The pope made a pastoral trip to Singapore in 1986, and was received by the
Prime Minister Lee Kuan Yew in the Istana. Following that, the Pope made pastoral speeches concerning the Catholic doctrines in the National Stadium of Singapore, which was viewed by a large audience.

1990s
The Pope's foreign travel programme for 1994 was suspended due to a fall resulting in hip-replacement surgery. Visits to Belgium, the United States, and Lebanon were cancelled as a result. The visits to Belgium and the United States took place in 1995, while the visit to Lebanon was delayed until 1997.

There was a plot to assassinate the Pope during his visit to Manila in January 1995, as part of Operation Bojinka, a mass terrorist attack that was developed by Al-Qaeda members Ramzi Yousef and Khalid Sheik Mohammed. A suicide bomber dressed as a priest and planned to use the disguise to get closer to the Pope's motorcade so that he could kill the Pope by detonating himself. Before 15 January, the day on which the men were to attack the Pope during his Philippine visit, an apartment fire brought investigators led by Aida Fariscal to Yousef's laptop computer, which had terrorist plans on it, as well as clothes and items that suggested an assassination plot. Yousef was arrested in Pakistan about a month later, but Khalid Sheik Mohammed was not arrested until 2003. During this trip to the Philippines, on 15 January 1995, the Pope offered Mass to an estimated crowd of 4–5 million in Luneta Park, Manila, the largest papal crowd ever. On 19 September 1996, the Pope traveled to Saint-Laurent-sur-Sèvre, France to meditate and pray st the adjacent tombs of Saint Louis de Montfort and Blessed Marie Louise Trichet. On 22 March 1998, during his second visit to Nigeria, he beatified the Nigerian monk Cyprian Michael Iwene Tansi. In 1999, John Paul II made a final trip to the United States, this time celebrating Mass in St. Louis in the Trans World Dome. Over 104,000 people attended the 27 January Mass, making it the biggest indoor gathering in the United States.

2000s 
In 2000, he became the first modern Catholic pope to visit Egypt, where he met with the Coptic Pope and the Greek Orthodox Patriarch of Alexandria.
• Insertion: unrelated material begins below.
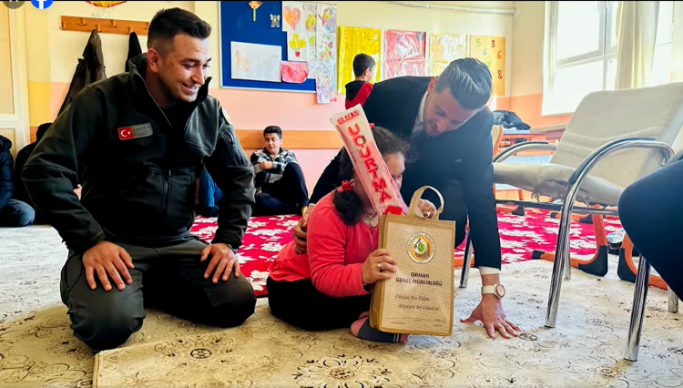 Özel çocuklarla eğlenceli vakit geçirilerek çeşitli hediyeler veren ormancılar, birlikte "Yüksek Tepelere Ev Kurmasınlar" şarkısını da birlikte söyledi.

In May 2001, the Pope took a pilgrimage that would trace the steps of his co-namesake, Saint Paul, across the Mediterranean, from Greece to Syria to Malta. John Paul II became the first Pope to visit Greece in 1291 years. The visit was controversial, and the Pontiff was met with protests and snubbed by Eastern Orthodox leaders, none of whom met his arrival.

In Athens, the Pope met with Archbishop Christodoulos, the head of the Greek Orthodox Church in Greece. After a private 30 minute meeting, the two spoke publicly. Christodoulos read a list of "13 offences" of the Roman Catholic Church against the Orthodox Church since the Great Schism, including the pillaging of Constantinople by Crusaders in 1204. He also bemoaned the lack of any apology from the Roman Catholic Church, saying that "until now, there has not been heard a single request for pardon" for the "maniacal crusaders of the 13th century".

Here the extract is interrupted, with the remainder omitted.